> **Supplied records**
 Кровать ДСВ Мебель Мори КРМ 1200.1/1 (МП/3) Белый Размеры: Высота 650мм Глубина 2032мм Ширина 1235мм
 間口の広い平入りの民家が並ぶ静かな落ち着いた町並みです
* * *
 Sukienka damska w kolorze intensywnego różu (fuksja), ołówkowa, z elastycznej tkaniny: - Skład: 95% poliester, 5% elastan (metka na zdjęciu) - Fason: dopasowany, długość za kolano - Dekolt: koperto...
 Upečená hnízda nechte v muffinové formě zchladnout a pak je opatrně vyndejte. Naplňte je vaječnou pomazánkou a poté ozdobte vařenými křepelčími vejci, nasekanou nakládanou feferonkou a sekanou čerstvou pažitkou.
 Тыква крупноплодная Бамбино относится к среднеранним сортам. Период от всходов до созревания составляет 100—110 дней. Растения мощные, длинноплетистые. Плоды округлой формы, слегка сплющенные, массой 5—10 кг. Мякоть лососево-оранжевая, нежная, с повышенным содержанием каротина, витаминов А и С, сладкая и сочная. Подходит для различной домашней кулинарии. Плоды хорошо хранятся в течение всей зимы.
==
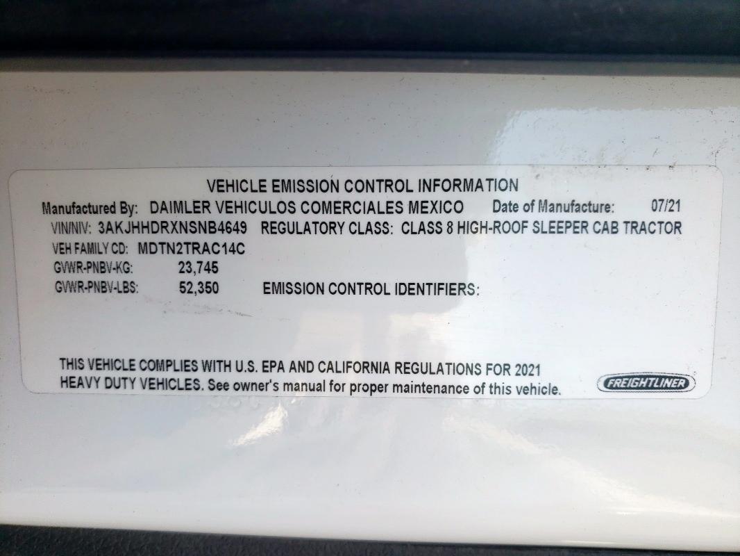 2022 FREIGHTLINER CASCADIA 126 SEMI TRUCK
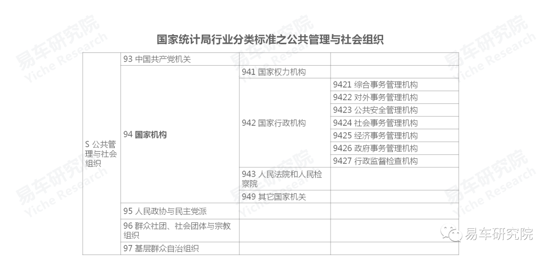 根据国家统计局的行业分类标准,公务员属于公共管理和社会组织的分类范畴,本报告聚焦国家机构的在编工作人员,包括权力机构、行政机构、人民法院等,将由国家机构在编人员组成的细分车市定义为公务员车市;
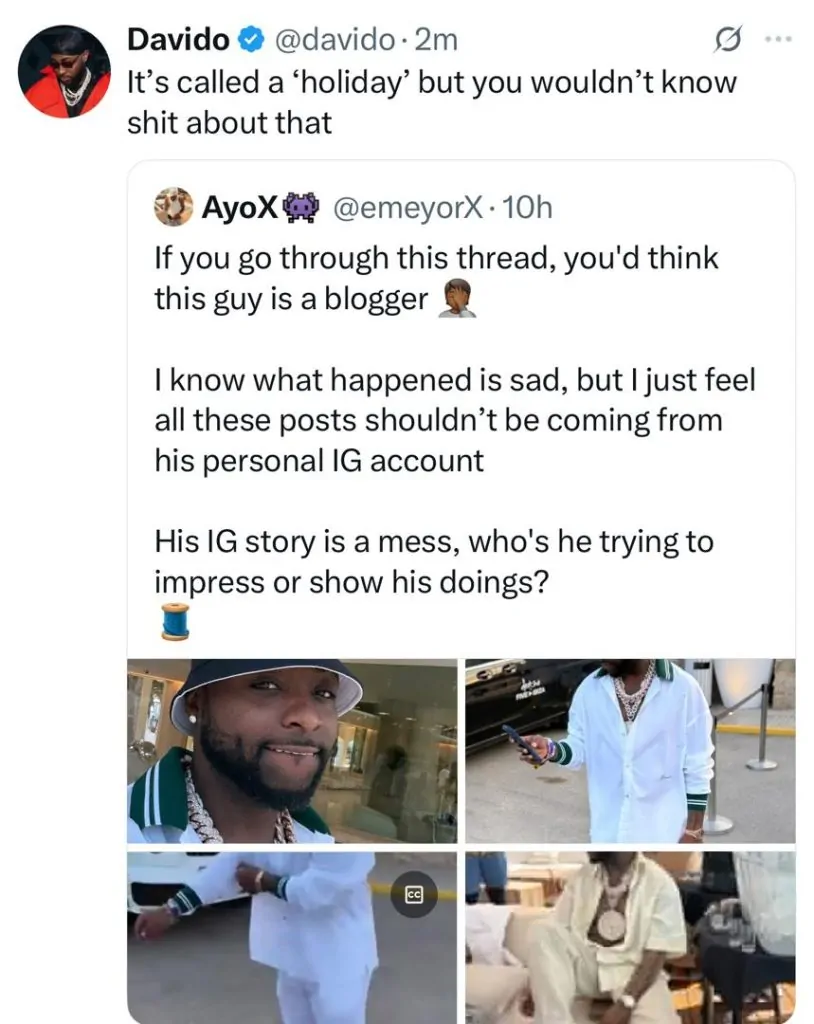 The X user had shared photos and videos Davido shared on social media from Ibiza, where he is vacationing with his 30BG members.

> **Assigned task**
Take the listing above and repeat exactly the lines from the one containing "Кровать ДСВ Мебель" through the one containing "間口の広い平入りの民家が並ぶ静かな落ち着いた町並みです", both included.

> **Task response**
 Кровать ДСВ Мебель Мори КРМ 1200.1/1 (МП/3) Белый Размеры: Высота 650мм Глубина 2032мм Ширина 1235мм
 間口の広い平入りの民家が並ぶ静かな落ち着いた町並みです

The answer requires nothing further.